Because Parallax execution involves many dependent software and hardware packages, debugging can be tricky if errors occur. This page collects the troublesome situations we have experienced and the solutions. If you have a similar symptom, try following the suggestions. Also, if you have any additional trouble shooting case, please add it here.
Error message:
device placement error(Cannot assign a device for operation)

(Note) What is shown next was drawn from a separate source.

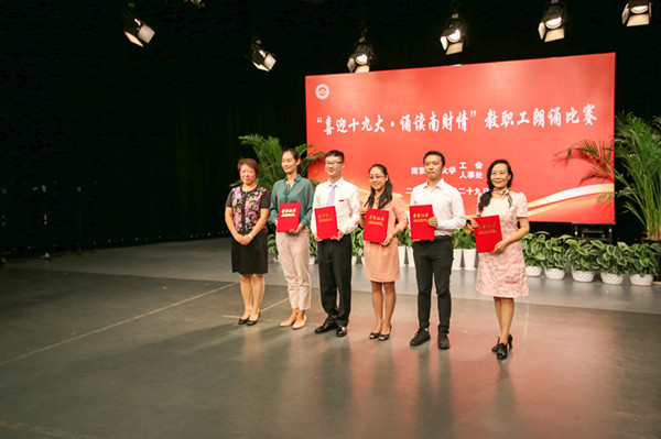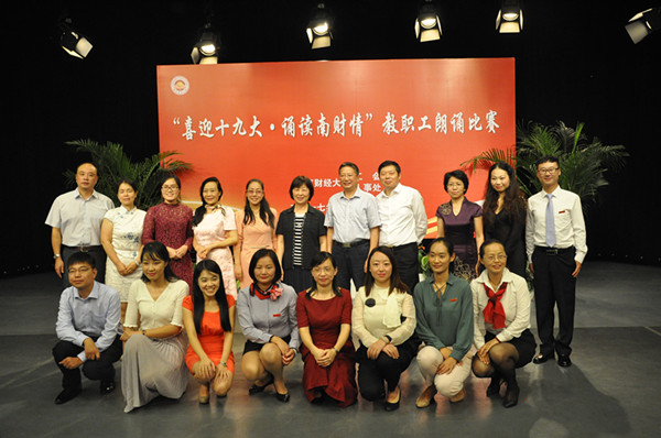 9月29日下午,由校工会、人事处联合举办的“喜迎十九大·诵读南财情”教职工朗诵比赛在仙林校区校园电视台演播大厅举办。副校长俞安平、时现出席大赛,省教育科技工会高校部部长高顺岭、兄弟高校工会主席代表、相关职能部门负责人、各基层党组织负责人、分工会主席以及教职工代表一百多人共同观看了比赛。来自18个分工会的近60位选手参加了比赛。党委宣传部部长韩力争对比赛做了精彩点评。

Parallax assumes allow_soft_placement=True
because Parallax assigns operators on CPU/GPU devices according to their characteristics(shared or replicated) if the placement of the device is not specified. If you face a device placement error, try setting allow_soft_placement=True
on the session configuration.
Error message:
tensorflow/contrib/verbs/rdma.cc:1009] Check failed: status.ok() RecvLocalAsync was not ok. error message: Step 123330693738664103
tensorflow/contrib/verbs/rdma.cc:1009] Check failed: status.ok() RecvLocalAsync was not ok. error message: Step 95609778068110326
There are some issues related to managing RDMA queue in Tensorflow. Consider increasing the RDMA queue depth by adjusting RDMA_QUEUE_DEPTH=<desired_queue_depth>
in .ssh/environment
or elsewhere you managing environment variables.
Error message:
Signal: Segmentation fault (11)
Signal code: Address not mapped (1)
Failing at address: 0xa0
This error can occur if multiple machines use different versions of NCCL.
Error message: None
There are a chief(worker 0) worker and non-chief workers, and Parallax assumes that only the chief worker can fetch the gradients. It means fetching gradients from non-chief workers can block the distributed training.